Ada hal yang penting bisa dilakukan, seperti peningkatan kesadaran dan mempengaruhi para investor agar peka terhadap eksploitasi sumber alam dan dampaknya terhadap bumi. Dalam skala besar, secara sistematis korporasi memerlukan pendanaan, salah satu lewat pasar modal.
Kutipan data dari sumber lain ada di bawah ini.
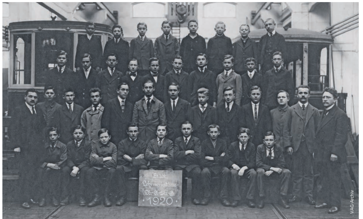
Lehrabschlussfeier 1920: Ausbildung und Berufsbilder haben sich verändert, aber die Verantwortung bleibt.

Die Berufsbezeichnungen und die fachlichen Ausrichtungen haben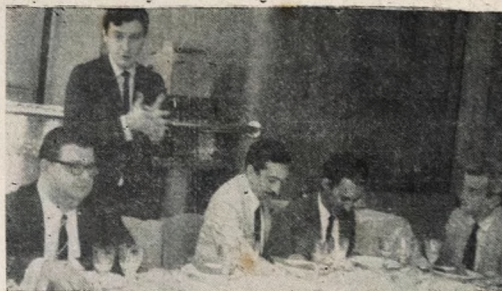
Almoçando com repórteres políticos, no Rio, o ministro da Fazenda mostrou-se otimista com os resultados da política Econômico-Financeira do Governo afirmando que, se houve aumento de impostos, os preços dos produtos básicos se mantiveram numa posição de estabilidade "que surpreendeu a todos". Anunciou também emissões elevadas em dezembro, assegurando no entanto que haverá restituição do Tesouro Nacional durante Janeiro e Fevereiro. (Foto ASP).

HONG KONG, 29 (A União) — Policiais de Hong Kong continuam em busca dos três assaltantes comunistas que assaltaram a punhalada de um policial. Continua de pé a oferta do Governo a recompensa de oito mil dólares pela captura dos assaltantes.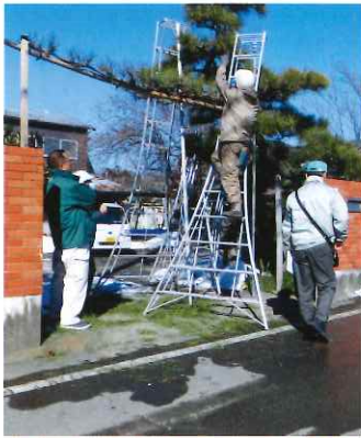
1/26 安全パトロールの様子

安全適正就業委員会の活動について 安全・適正就業委員会では就業時の事故撲滅を目的とし、年三回の安全パトロールの実施と事故発生の原因追及・再発防止について年四回の委員会を開催しています。シルバーの就業にそぐわない受注は受けない、また受注時には、就業内容を十分に把握し「現場の下見・危険箇所の確認」をするという心構えが大切です。 平成二十八年一月に第三回の、安全パトロールを実施しました。植木の作業では保護具を着用し、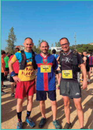
Cursa Popular de Les Santes 2024

Gelombang investasi hijau atau berkelanjutan dan bertanggung jawab yang mengedepankan aspek lingkungan hidup, sosial dan tata kelola yang baik atau environmental, social, governance (ESG) pun makin banyak dibicarakan. Bahkan, Yayasan Kehati telah merintis insiatif investasi berkelanjutan di pasar modal Indonesia dengan meluncurkan Indeks Sri Kehati, sebuah indeks saham berkelanjutan berbasis ESG.

Lusia Arumingtyas, dari Mongabay berkesempatan berbincang-bincang dengan Riki Frindos, terkait investasi berkelanjutan di Indonesia dan masa depannya. Berikut petikannya.

 

Bursa Efek Jakarta. Ada hal yang penting bisa dilakukan, seperti peningkatan kesadaran dan mempengaruhi para investor agar peka terhadap eksploitasi sumber alam dan dampaknya terhadap bumi. Dalam skala besar, secara sistematis korporasi memerlukan pendanaan, salah satu lewat pasar modal. Foto: Arief Kamaludiin/Katadata

 

Kapan isu investasi hijau muncul di Indonesia?

Awalnya, masyarakat sangat awam berbicara green investment. Sekarang yang banyak di Pasar Modal dengan istilah ESG (environment, social, governance) jadi investasi kita lakukan dengan mempertimbangkan faktor lingkungan, sosial, dan tata kelola yang baik. Kalau ditanya kapan, mungkin saat pertama kali pemerintah mengeluarkan Green Sukuk di Indonesia pada 2018.

Green Sukuk adalah instrumen pembiayaan untuk pembangunan berkelanjutan. Apa ini bisa dikatakan pertama kali? Belum tentu juga. Mungkin sudah ada fund manajer yang melakukan secara tertutup dan tidak ada publish, namun sudah ada disana. Kehati, misal mengeluarkan indeks Sri Kehati sejak 2009, hingga rentetan-rentetan ini pun tidak dapat mendefinisikan kapan itu mulai.

Kalau melihat milestone-nya, pertama, saat Kehati bekerja sama dengan Indo Premier membuka reksa dana hijau pertama kali di Indonesia. Kemudian pemerintah mengeluarkan Green Sukuk. Jadi, bagaimana isu investasi hijau muncul tidak tahu persisnya, hanya dua milestone itu jadi langkah yang bisa kita lihat.

 

Bagaimana respon pasar Indonesia terkait investasi hijau?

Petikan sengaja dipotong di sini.